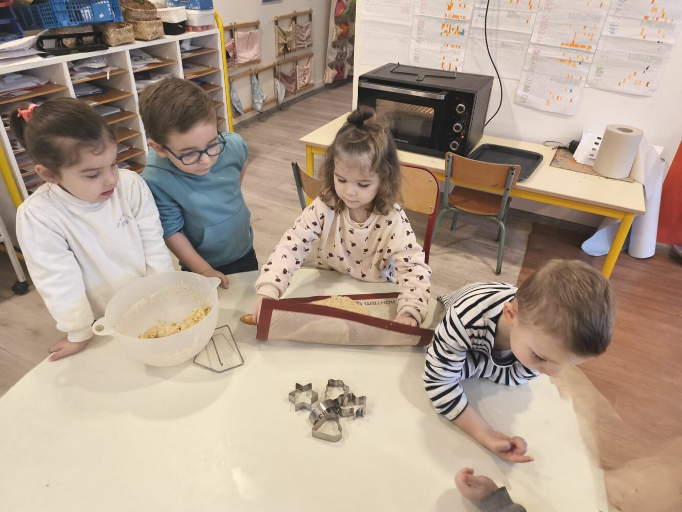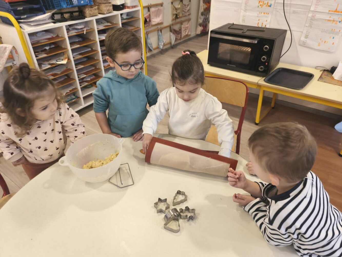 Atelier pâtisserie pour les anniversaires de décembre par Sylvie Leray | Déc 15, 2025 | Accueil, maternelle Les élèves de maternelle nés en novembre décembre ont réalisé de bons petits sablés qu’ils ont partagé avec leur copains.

────────────────────

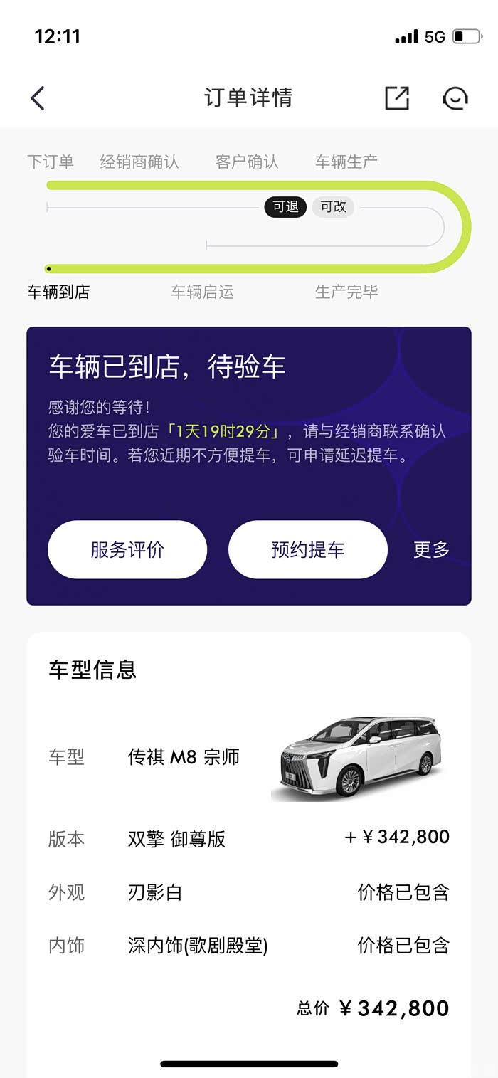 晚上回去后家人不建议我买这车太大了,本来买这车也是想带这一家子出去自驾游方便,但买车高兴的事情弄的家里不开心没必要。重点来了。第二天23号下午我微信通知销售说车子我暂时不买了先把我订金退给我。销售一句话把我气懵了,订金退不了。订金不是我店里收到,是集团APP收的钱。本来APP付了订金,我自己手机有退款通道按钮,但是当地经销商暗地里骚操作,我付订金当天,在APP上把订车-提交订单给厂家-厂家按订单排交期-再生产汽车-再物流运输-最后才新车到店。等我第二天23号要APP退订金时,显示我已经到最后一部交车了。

────────────────────

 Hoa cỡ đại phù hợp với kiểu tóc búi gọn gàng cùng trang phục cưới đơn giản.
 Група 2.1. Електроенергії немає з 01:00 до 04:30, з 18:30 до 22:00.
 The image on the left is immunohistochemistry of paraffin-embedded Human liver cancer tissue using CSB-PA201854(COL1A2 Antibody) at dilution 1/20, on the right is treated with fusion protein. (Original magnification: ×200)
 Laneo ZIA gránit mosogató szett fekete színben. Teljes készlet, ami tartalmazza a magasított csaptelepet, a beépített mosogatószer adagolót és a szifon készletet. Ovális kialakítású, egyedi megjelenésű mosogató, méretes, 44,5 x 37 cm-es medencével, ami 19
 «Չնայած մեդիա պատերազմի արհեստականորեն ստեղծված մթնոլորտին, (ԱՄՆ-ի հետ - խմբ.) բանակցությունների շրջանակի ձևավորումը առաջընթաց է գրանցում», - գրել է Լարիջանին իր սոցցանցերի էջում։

────────────────────

Problem to work on »
An exact copy of the lines above between the line holding "Hoa cỡ đại phù" and the line holding "The image on", inclusive, is the whole answer.

Exercise response »
 Hoa cỡ đại phù hợp với kiểu tóc búi gọn gàng cùng trang phục cưới đơn giản.
 Група 2.1. Електроенергії немає з 01:00 до 04:30, з 18:30 до 22:00.
 The image on the left is immunohistochemistry of paraffin-embedded Human liver cancer tissue using CSB-PA201854(COL1A2 Antibody) at dilution 1/20, on the right is treated with fusion protein. (Original magnification: ×200)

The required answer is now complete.